And OUR reward for being “good citizens” and diligently observing the guidelines? To watch human nature do its inevitable thing, people going on holidays foreign and domestic, living their lives, partying here, there and everywhere, inevitably leading to Covid spiking ... and then WE are punished for others’ transgressions!!

Let me tell you about my “window visit” with my wife last Thursday, Health Secretary (any criticism is of the approved system, not the care home staff. They’re just following orders.

Ten meagre minutes! Standing outside staring bleakly in to my wife’s bedroom. Shouting “I love you” and “I miss you” for all to hear .... perhaps my wife, most likely the staff posted at her bedroom door, and certainly the couple out walking their dog on the pavement behind me. Then a carer rushes forward to apologetically announce that the manager has phoned and the slightly ajar window MUST be immediately shut.

Might as well have had a carer lead me away ringing a bell and shouting “UNCLEAN!”

Campbell Duke
East Kilbride

AS a volunteer for the NSPCC’s Childline service I have seen first-hand how lockdown has impacted a generation of children. Combined with the closure of schools and the lack of contact with their usual support networks, many already vulnerable children have been placed at increased risk of mental health difficulties.

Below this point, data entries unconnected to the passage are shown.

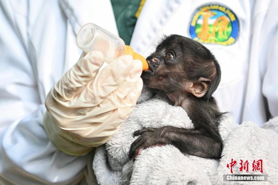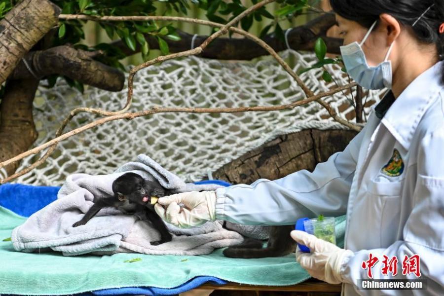 Photo shows a staff feeding black bearded saki cub Congcong, Dec. 16, 2021 in Guangzhou, south China's Guangdong Province. Congcong, a male black bearded saki cub born on July 22, 2021, meets the public at Chimelong Safari Park in Guangzhou, capital of south China's Guangdong Province, Dec. 16, 2021. (Photo/China News Service)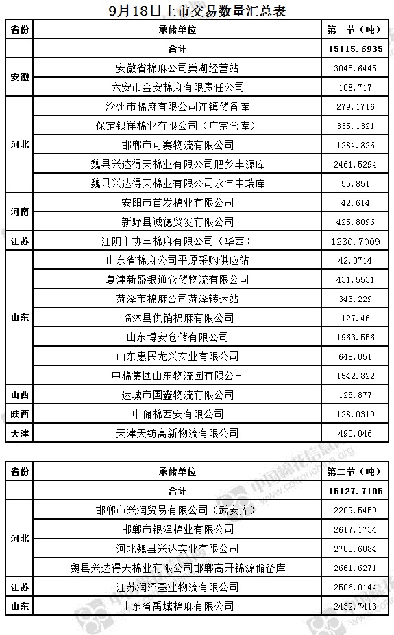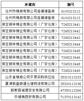 4、江陰市協(xié)豐棉麻有限公司(華西),魏縣興達得天棉業(yè)有限公司肥鄉(xiāng)豐源庫部分,安徽省棉麻公司巢湖經(jīng)營站部分為實施按批抽樣方式檢驗的承儲庫,由于掛牌較為集中,請買方妥善協(xié)商安排出庫。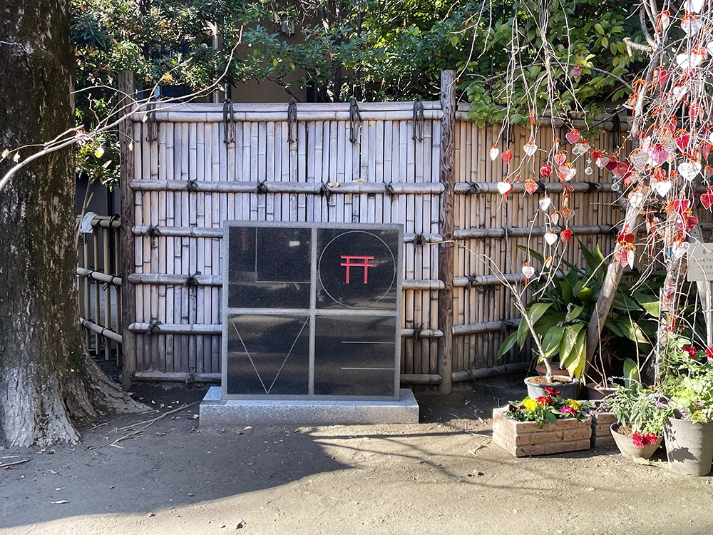 グラフィックデザイナー・ 浅葉克己氏による石の彫刻LOVE神社が奉納され、

Since lockdown began, Childline has delivered more than 2,600 counselling sessions to children in Scotland for support with mental and emotional health issues, including suicidal thoughts and feelings. It is vital that children know we are still here for them and that Childline can continue to provide a vital lifeline for them.

This is why I am appealing to your readers to remember us in their will this Remember a Charity Week (September 7-13). Leaving a legacy can have an incredible impact – the amount we receive through legacies is the equivalent of the cost of running our schools’ Speak Out Stay Safe programme and Childline combined for a year.

As we move from crisis to recovery, we need your help to continue to support children during this challenging, ever-changing situation and beyond. To find out how you can help please call 020 7825 2505 or visit nspcc.org.uk/guardian

Kat McMahon
Volunteer for NSPCC Scotland’s Childline service

I THOROUGHLY enjoyed Rosemary Barry’s long letter (New headteacher started at a school she could not visit, September 5).

It brought back a flood of wonderful memories of walks on Lismore Island. In the 1970s my wife and myself were frequent visitors to the Airds Hotel in Port Appin, which at that time was owned and run by Eric and Betty Allan.

We used to walk down to the Port Appin ferry terminal and take the 10-minute journey on the passenger ferry across to Lismore. We would go for a walk along the road heading south, and what struck us most was the peace and tranquillity. We seldom saw a car and the only other “travellers” were the grazing sheep.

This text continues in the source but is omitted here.